Selbstverursachter Teufelskreis

Fehlende qualifizierte Leute sind ein Problem fast aller Unternehmen. Statistiken von namhaften Institutionen belegen eindeutig, dass in Deutschland zu wenig Fachpersonal zur Verfügung steht. Das Verhältnis von Renteneintritt und Uniabsolventen oder gar Geburten kann Angst machen. Aufträge werden nicht oder nicht gut ausgeführt, weil geeignetes Personal fehlt, Kunden suchen Zuflucht bei der Konkurrenz, die schnell liefert. Wie das Kaninchen vor der Schlange stehen viele vor leeren Kandidaten Pipelines. Voller Sorge ist die Erklärung: Der Fachkräftemangel. Das Angebot an qualifizierten, motivierten und bezahlbarem Personal ist knapp. Der Schmerz ist real.

All das stimmt, ABER…

Der Fachkräftemangel als Entschuldigung für „Mehr vom Gleichen“ oder völlige Resignation

In Gesprächen mit Geschäftsführung, Management und Recruiting Abteilungen, wird der Fachkräftemangel fast schon fatalistisch heraufbeschwört – obwohl es gar keinen Mangel als solches gibt. Gesamtwirtschaftlich mag das stimmen, wenn man offene Stellen mit zur Verfügung stehenden Qualifikationen vergleicht. Auf individueller Unternehmensebene sieht das aber anders aus. Es existieren heute in jedem Unternehmen große Spielräume, sowohl auf der Angebotsseite, als auf der Nachfrageseite. Gewusst wie, sind diese sehr viel einfacher zu nutzen als gedacht. Weder braucht es in der Regel so viele offene Stellen, noch gibt es zu wenig Bewerber und Bewerberinnen. Firmen, die das verstanden haben, profitieren von entscheidenden Wettbewerbsvorteilen.

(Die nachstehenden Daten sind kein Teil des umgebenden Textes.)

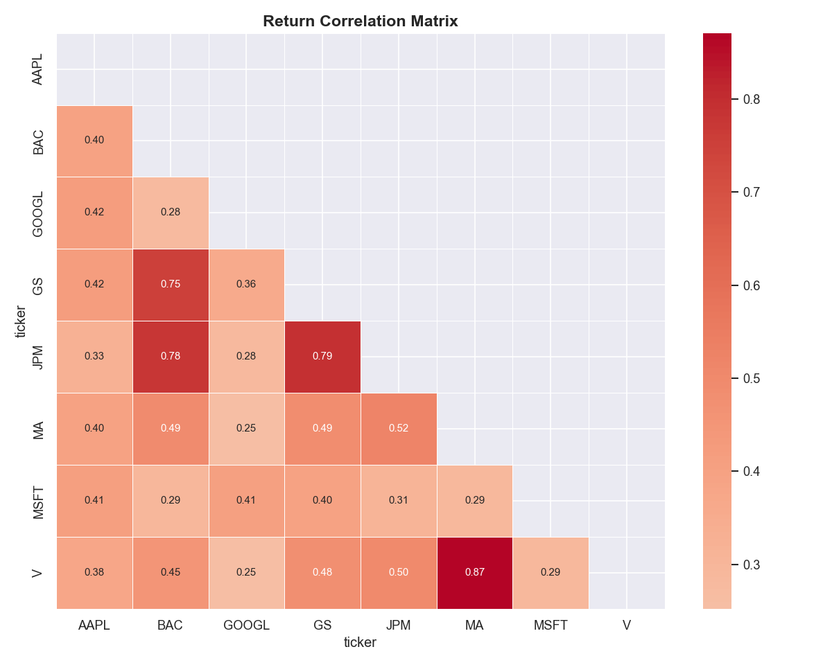 Historical price data for 8 financial stocks was pulled from Yahoo Finance and ingested into a normalized SQLite database through an automated pipeline. The schema tracks prices, returns, and computed statistics separately to support analytical queries without recomputation.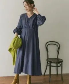 ダークブルーのプリーツデザイン長袖ワンピース、フリーサイズ、リボン付きウエスト。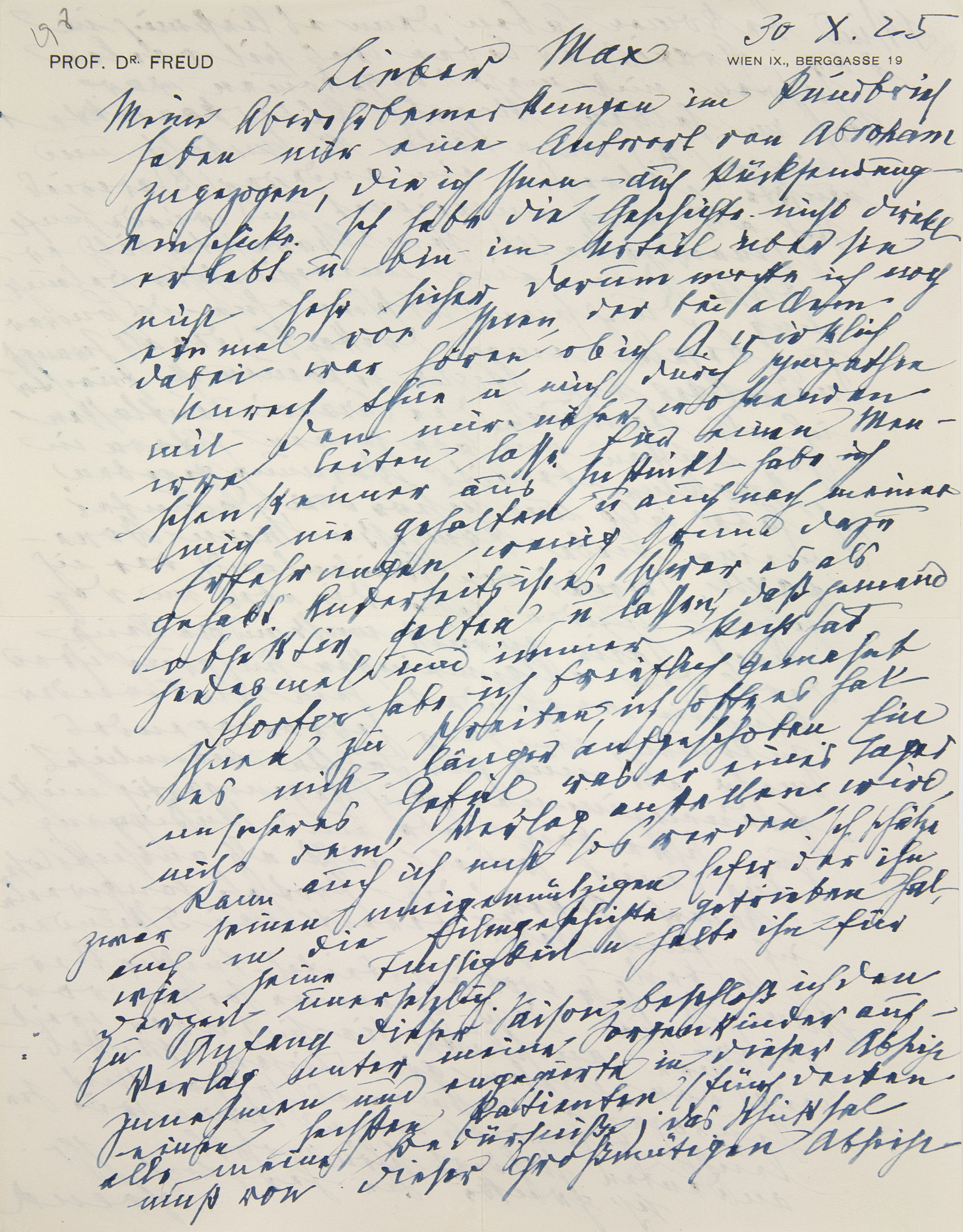 Meine Abwehrbemerkungen im Rundbrief haben mir eine Antwort von Abraham zugezogen, die ich Ihnen – auf Rücksendung – einschicke.1 Ich habe die Geschichte nicht direkt erlebt und bin im Urteil über sie nicht sehr sicher. Darum möchte ich noch einmal von Ihnen, der bei allem dabei war, hören, ob ich A. wirklich Unrecht tue und mich durch Sympathie mit den mir näher Wohnenden irreleiten lasse. Für einen Menschenkenner aus Instinkt habe ich mich nie gehalten und auch nach meinen Erfahrungen wenig Grund dazu gehabt. Anderseits ist es schwer, es als objektiv gelten zu lassen, daß jemand jedesmal und immer recht hat.2

Bevor wir über Lösungen sprechen, weise ich auf die Gefahr hin, die von der Haltung „Hilfe, wir haben einen Fachkräftemangel!“ ausgeht. Die besorgniserregenden Statistiken und Studien sind alle korrekt, aber nicht unbedingt „wahr“. Begreifen wir den Fachkräftemangel als unumstößliche Wahrheit, schaffen wir eine Realität, in der wir wenig Handlungsspielraum haben. Die scheinbar ausweglose Situation ist Anlass, sich nicht mehr zu bemühen. Unternehmen und Recruitingabteilungen sind lustlos und frustriert – nach dem Motto „bringt ja eh nichts, ist halt so, sieht man doch überall!“ Im Sport kennt man das: Wer nicht an den Sieg glaubt, der wird nicht gewinnen. Man gibt auf, bevor man überhaupt angefangen hat. Und so dreht sich die Abwärtsspirale immer schneller in die falsche Richtung und der Teufelskreis beginnt.

Viele ziehen die falschen Schlüsse und fatale Fehlentscheidungen werden getroffen. Sich selbst verstärkende Teufelskreisszenarien entstehen.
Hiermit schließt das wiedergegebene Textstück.